Figure 3Scatterplot of nin and nout for the AP-MS data of Krogan et al. [11]. Each point in the plot corresponds to one protein. nis the number of times that the protein was found as a prey; nout the number of prey it found when used as a bait. The two lines mark contours of probability p = 10-4 according to the Binomial model in Equation (3). Outlying proteins (dark blue) show a significantly large difference between nin and nout, suggesting that at least one of them is wrong. For example, if nout >>nin, one possible reason is that a protein is not expressed when used as prey or of such low abundance that it is outcompeted, but when tagged and expressed as a bait, it will identify and pull down its interaction partners as prey. Further validation experiments are needed to determine in each case whether the unreciprocated interactions correspond to false-positive or false-negative observations.
Pairwise comparison of Y2H datasets
| References | Ito | Cagney | Tong | Hazbun | Zhao | Uetz | Uetz |
| [1] | - | 9 | 7 | 24 | 1 | 224 | 47 |
| [2] | 28 | - | 0 | 0 | 0 | 7 | 3 |
| [3] | 34 | 0 | - | 0 | 0 | 4 | 7 |
| [4] | 856 | 14 | 25 | - | 0 | 15 | 12 |
| [5] | 43 | 1 | 2 | 38 | - | 0 | 0 |
| [6] Experiment 1 | 388 | 14 | 22 | 272 | 15 | - | 36 |
| [6] Experiment 2 | 200 | 9 | 26 | 204 | 13 | 108 | - |
The values above the diagonal give the number of viable baits in common between each pair of experiments, and the values below the diagonal give the number of viable prey in common. We see that the overlap between experiments in the sampled fractions of protein- interaction space is in all cases very small, given that thousands of interactions were assayed.

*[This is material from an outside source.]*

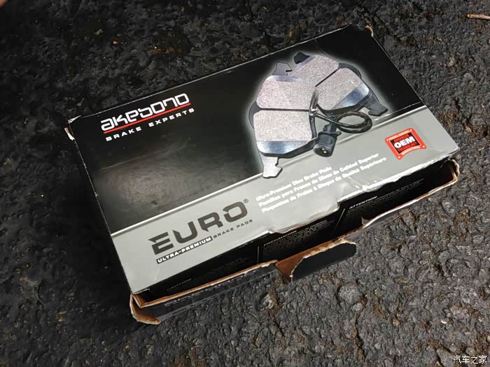 他的刹车盘其实还挺厚的,只是有了点痕,刹车并不抖,那么我们就先试试只换刹车片了。我们配件从美国亚马逊买的,一套四片的后刹车片。基于我之前使用经历,我们这次选择的品牌依然是日本Akebono刹车片。Akebono品牌建立于1929年的日本,1980年进入美国,也算是这行业的老品牌了。虽然网上我也能够找到比这两个品牌便宜一半多的配件。不过既然自己动手,又是我们自己的车,那还是买好配件吧,毕竟手工费省了不少钱了。记得刹车片是四十多美元从下单到运到家只用了两天。既然东西齐了那就开始整吧。 具体准备工作和所用工具,可以参见我前面的更换刹车帖子,这里就不赘述了。
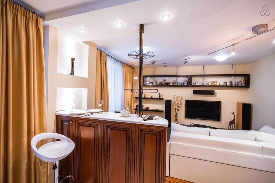 • ✨ Совмещенная гостиная-кухня с диваном, обеденной зоной и барной стойкой, спальня с большой кроватью, полностью оборудованная кухня (посудомойка, кофемашина!), ванная с ванной.

Pairwise comparison of AP-MS datasets
| References | Gavin | Ho | Krogan | Gavin | Krogan |
| [7] | - | 82 | 51 | 442 | 334 |
| [8] | 516 | - | 25 | 222 | 286 |
| [9] | 299 | 246 | - | 121 | 151 |
| [10] | 1,143 | 717 | 371 | - | 1,128 |
| [11] | 1,149 | 1,277 | 478 | 1,732 | - |
As in Table 2 the values above the diagonal give the number of viable baits in common between each pair of experiments, and the values below the diagonal give the number of viable prey in common. Again, the overlap is very small. Consider the two largest experiments carried out so far: with a set of 2,264 viable baits and 5,323 viable prey, Krogan et al. [11] tested for the presence of at least 12 million complex membership interactions. Gavin et al. [10], with 1,752 viable baits and 1,790 viable prey, tested for at least 3.1 million interactions. However, even for these two datasets, the largest so far, the known overlap is only 1,128 × 1,732 ≈ 2.0 million. One of the possible explanations for these low estimates of coverage and overlap is that our definitions of viable baits and viable prey are restrictive and that indeed a much larger space of interactions might have been tested. For example, Gilchrist et al. [29] estimated a value about twice ours for the number of tested prey in [7]. This situation will hopefully be alleviated as researchers report more complete data on which interactions were actually tested.